Telecommunications networks are changing from enclosed, TDM-based switching systems to open and IP-based data service systems. Carriers must ensure network security and prevent user data disclosure. Network assets and user data can help carriers develop a favorable industry ecosystem that can give them a competitive edge in the market. To achieve these objectives, the integrated signaling network must support multi-level disaster recovery and multi-level security protection (embedded IP firewalls and Diameter signaling firewalls). These mechanisms allow telcos to send user and policy data to partners in a secure and reliable manner.

Flexible and efficient routing

Carriers are providing an increasing number of services, even providing them wholesale, in a constantly expanding scope. Governments are mandating new services, such as number portability, at all levels. To meet service requirements in the future, carriers need an integrated signaling solution that can work as an efficient and flexible routing engine to provide rich routing functions and support mobile number portability (MNP), flexible number routing (FNR), and subscription locator function (SLF).
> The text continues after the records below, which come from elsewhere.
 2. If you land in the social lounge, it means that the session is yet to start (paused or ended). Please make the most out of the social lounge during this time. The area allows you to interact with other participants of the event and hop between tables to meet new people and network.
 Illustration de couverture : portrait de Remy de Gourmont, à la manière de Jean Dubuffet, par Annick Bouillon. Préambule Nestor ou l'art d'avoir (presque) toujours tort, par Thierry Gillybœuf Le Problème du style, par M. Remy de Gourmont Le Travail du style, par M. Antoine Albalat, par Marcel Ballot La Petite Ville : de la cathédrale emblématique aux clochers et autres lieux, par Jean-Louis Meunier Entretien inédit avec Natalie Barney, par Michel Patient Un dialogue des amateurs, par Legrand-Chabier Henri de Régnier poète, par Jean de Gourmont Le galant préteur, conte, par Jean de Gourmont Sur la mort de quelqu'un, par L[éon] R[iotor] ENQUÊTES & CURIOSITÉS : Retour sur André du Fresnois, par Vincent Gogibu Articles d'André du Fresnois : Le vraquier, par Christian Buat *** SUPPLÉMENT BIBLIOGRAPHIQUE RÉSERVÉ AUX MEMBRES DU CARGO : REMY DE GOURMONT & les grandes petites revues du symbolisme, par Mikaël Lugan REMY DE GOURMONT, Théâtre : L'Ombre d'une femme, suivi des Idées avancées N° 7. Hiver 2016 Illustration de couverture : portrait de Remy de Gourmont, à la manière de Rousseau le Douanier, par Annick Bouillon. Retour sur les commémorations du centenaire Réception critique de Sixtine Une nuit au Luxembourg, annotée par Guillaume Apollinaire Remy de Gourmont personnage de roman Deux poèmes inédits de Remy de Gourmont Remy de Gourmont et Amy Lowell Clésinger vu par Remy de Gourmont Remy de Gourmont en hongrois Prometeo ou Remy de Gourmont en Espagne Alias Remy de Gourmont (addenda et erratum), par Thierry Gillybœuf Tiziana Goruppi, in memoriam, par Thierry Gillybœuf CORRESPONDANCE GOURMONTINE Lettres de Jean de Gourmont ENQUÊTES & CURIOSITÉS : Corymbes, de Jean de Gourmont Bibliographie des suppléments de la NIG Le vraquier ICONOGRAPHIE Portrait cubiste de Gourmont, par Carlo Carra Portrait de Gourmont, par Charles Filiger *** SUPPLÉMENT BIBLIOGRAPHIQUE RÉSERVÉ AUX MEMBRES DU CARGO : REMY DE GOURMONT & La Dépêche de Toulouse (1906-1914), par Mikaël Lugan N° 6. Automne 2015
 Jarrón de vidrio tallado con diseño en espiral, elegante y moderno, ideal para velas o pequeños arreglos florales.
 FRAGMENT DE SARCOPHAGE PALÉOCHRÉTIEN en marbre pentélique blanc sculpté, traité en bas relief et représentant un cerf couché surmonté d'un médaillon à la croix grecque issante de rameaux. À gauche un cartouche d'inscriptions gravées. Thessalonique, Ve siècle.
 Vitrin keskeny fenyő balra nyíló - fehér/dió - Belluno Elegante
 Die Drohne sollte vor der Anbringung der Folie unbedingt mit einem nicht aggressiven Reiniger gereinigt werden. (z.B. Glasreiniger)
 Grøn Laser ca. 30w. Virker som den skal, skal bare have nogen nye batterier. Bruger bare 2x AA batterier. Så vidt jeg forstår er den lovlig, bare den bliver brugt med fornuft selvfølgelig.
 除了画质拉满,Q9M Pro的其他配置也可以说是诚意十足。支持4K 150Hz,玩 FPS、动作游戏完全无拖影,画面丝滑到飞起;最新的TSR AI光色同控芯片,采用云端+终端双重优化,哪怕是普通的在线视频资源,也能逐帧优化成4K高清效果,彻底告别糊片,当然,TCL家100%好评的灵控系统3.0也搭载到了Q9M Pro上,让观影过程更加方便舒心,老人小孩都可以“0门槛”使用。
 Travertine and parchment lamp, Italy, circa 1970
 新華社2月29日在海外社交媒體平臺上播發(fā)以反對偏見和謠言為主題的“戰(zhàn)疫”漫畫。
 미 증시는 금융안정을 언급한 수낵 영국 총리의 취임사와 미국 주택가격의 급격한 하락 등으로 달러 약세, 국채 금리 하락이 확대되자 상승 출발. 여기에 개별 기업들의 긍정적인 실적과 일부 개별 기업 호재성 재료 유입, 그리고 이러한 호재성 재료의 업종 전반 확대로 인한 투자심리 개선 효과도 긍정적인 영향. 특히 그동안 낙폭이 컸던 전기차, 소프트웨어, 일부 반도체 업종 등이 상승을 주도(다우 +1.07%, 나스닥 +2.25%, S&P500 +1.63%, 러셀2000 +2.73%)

Visual and intuitive management

Effective management plays a key role in efficient operation. An integrated signaling solution must support management of both SS7 and Diameter signaling networks and display all signaling data related to service control, such as end-to-end message tracing, on carriers' core networks. This simplifies network maintenance, fault location, and new service deployment significantly.

Intelligent terminal applications bring uncertainty to signaling generated from the core network. Therefore, such applications must have complete signaling statistics indexes to analyze the signaling traffic trend, offering data support for signaling network expansion design.